Усиливала свои позиции на полуострове и немецкая авиация. Особенно досаждали республиканцам бомбардировщики.
И вот два Ивана, Федоров и Косенков, решили разведать аэродром, откуда совершали массовые налеты обнаглевшие фрицы. Оба считались в группе самыми зоркими. Разведка есть разведка. В ней не положено вступать в бой по собственной инициативе во вред основному заданию. Решение пришло в голову им стихийно, и они вылетели без квалифицированного инструктажа.
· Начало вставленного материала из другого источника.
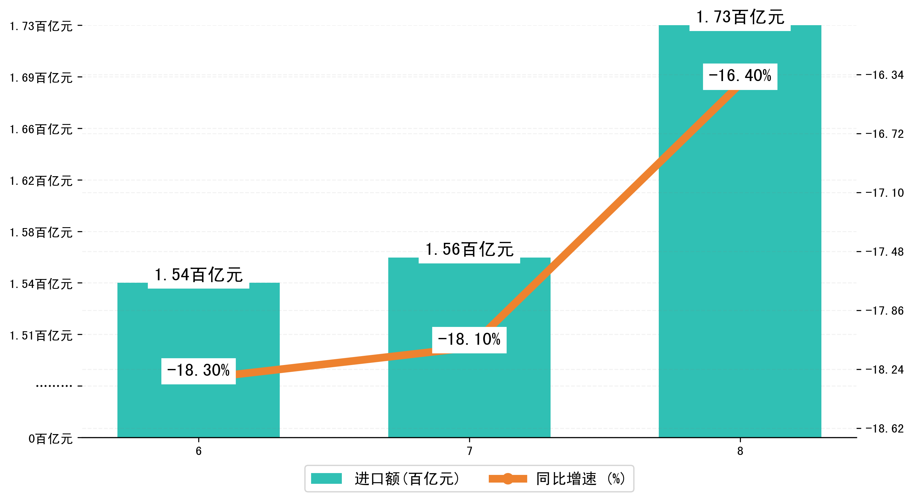以人民币计,2024年8月南京市进口额为173,0680.5569万元,相比上月增加了16,7870.3325万元;相比上年同期减少了4,3292.2724万元,同比减少了-16.40%。
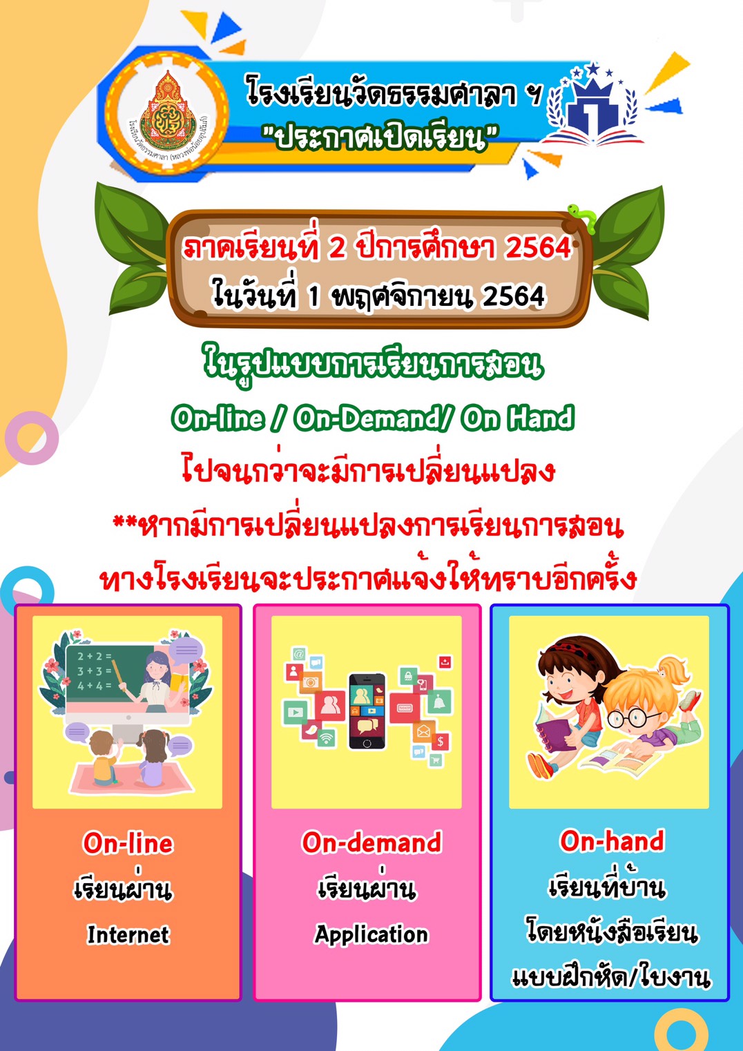 ประกาศ โรงเรียนวัดธรรมศาลา(หลวงพ่อน้อยอุปถัมภ์) เรื่องการเปิดเรียนปีการศึกษา 2564 ภาคเรียนที่ 2 ตั้งแต่วันที่ 1 พฤศจิกายน 2564 ในรูปแบบ On-line/ On-Demand/ On Hand ไปจนกว่าจะมีการเปลี่ยนแปลง

Засекли одиночного «хейнкеля» и – к нему. Он тоже их заметил и повернул назад. К себе, значит. Казалось, чего еще надо? Следи за ним как можно скрытнее, и дело в шлеме. Так нет же. Косенков… Что ему взбрело в голову? Взял и напал. Скорее всего, руки зачесались, глядя на удирающего фашиста. Тот ощетинился своими пулеметами, и самопальный разведчик загорелся. Сгоряча и Федоров чуть не ринулся померяться силами, видать, с матерым волком небесной чащобы. Но сдержался. Решил прикинуться овечкой.
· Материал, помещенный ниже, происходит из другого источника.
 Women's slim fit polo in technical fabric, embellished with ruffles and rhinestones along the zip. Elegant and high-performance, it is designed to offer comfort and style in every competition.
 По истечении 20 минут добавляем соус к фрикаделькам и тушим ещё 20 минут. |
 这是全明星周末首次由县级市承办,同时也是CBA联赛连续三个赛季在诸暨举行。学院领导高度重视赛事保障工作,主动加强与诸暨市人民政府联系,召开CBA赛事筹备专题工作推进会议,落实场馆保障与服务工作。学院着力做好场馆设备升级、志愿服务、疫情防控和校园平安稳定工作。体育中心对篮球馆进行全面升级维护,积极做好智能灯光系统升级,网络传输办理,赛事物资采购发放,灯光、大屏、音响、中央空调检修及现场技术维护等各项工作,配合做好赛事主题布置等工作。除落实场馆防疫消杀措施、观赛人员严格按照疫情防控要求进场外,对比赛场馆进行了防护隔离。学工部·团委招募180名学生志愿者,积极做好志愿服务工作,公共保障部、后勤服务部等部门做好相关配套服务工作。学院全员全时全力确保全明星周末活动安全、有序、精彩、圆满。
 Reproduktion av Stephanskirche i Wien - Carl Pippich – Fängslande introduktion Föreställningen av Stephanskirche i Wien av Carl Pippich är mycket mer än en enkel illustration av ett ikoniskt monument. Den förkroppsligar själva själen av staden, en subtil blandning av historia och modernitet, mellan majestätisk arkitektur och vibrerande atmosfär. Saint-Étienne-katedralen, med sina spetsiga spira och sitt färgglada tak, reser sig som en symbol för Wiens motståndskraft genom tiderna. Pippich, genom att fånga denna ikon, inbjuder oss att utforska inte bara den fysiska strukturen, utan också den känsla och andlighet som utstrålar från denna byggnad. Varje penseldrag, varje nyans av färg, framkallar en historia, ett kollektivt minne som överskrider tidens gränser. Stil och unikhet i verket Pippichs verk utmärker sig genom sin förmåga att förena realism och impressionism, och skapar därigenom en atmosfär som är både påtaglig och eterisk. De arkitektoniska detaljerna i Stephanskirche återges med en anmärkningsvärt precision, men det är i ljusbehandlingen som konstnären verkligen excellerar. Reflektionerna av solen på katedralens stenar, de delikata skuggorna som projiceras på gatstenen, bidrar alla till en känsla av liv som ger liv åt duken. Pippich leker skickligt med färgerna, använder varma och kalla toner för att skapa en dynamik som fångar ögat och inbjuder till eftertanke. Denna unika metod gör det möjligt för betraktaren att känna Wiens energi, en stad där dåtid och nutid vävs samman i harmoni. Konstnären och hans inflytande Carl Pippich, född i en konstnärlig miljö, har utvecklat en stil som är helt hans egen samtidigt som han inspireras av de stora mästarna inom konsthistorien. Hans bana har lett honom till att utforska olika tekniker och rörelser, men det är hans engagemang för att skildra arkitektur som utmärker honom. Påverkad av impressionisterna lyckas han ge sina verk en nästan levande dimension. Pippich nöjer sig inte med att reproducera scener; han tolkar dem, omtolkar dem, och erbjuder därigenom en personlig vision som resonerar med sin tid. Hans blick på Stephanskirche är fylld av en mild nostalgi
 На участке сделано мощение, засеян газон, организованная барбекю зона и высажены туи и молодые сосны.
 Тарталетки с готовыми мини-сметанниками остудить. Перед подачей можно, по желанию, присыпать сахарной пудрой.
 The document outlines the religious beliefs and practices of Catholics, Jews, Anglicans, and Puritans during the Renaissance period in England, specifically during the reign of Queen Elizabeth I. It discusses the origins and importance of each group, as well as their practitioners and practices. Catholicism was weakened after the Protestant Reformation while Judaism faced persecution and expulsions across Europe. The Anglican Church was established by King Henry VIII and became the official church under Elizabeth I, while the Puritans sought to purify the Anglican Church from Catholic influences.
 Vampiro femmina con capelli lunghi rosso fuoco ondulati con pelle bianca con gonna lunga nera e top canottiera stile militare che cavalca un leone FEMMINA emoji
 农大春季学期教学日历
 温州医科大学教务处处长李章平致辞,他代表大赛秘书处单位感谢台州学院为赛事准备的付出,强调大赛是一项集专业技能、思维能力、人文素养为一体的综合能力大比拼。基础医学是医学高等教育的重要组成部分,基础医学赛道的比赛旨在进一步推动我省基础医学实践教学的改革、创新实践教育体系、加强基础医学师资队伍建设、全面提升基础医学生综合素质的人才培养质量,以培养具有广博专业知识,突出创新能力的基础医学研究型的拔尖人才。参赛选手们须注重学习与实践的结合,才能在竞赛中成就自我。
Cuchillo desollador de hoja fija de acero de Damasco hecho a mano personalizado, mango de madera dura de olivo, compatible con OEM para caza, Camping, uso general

Пристроился параллельным курсом на безопасном расстоянии сбоку. Покачал крыльями, мол, ничего страшного: нападать не собираюсь. Поговорить надо. Да немцы и сами прекрасно знали, что пулеметы истребителей могут стрелять только вперед по ходу движения. Придвинулся еще ближе.
Немцы смотрят на Федорова, Федоров – на них. Показывает рукой на сердце, дескать, люблю, сдаюсь, «будь другом». Хочу за тобой. Покачал крыльями. По всей видимости, немцы клюнули на эту удочку. Случаи предательских перелетов испанских пилотов наблюдались с той и другой стороны. Так и подлетели к аэродрому в ущелье между гор.
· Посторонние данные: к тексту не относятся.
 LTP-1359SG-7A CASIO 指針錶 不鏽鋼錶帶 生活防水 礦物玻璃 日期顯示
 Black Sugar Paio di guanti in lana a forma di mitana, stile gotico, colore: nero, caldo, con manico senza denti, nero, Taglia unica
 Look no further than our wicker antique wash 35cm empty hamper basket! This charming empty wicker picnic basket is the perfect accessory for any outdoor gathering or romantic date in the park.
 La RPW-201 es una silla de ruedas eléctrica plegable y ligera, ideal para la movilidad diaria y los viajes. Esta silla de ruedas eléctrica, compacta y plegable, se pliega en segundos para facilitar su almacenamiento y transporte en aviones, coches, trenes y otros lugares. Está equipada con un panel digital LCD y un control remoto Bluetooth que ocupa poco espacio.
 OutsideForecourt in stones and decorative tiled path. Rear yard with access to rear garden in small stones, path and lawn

Бомбардир отвернул в сторону для захода на посадку, а коварный истребитель – вниз и на бреющем полете выпустил длинную очередь из пулемета по выстроенным, как на парад, бомбовозам. Несколько машин загорелось.
На аэродроме все в шоке. А навстречу «ведущий» идет на посадку, газ убрал, шасси выпустил. Как миновать такую легкую добычу? Не утерпел стреляный воробей, врезал своему проводнику от всей души, еще и «спасибо» прошептал.
К этому моменту и охрана опомнилась, зенитки проснулись. Подожгли храбрую «мошку». Мотор отказал. К счастью, самолет успел перевалить через каменную гряду. Так что зенитчики не видели, как летчик вывалился из дымной кабины и спустился на парашюте в соседнее ущелье.
В месте, куда упал Федоров, едва раскрыв парашют, было тепло и сыро. Он еще раз поклялся впредь быть осторожным, благоразумным в выборе молниеносных решений, довольствоваться синицей в руках, а не ловить журавля в небе.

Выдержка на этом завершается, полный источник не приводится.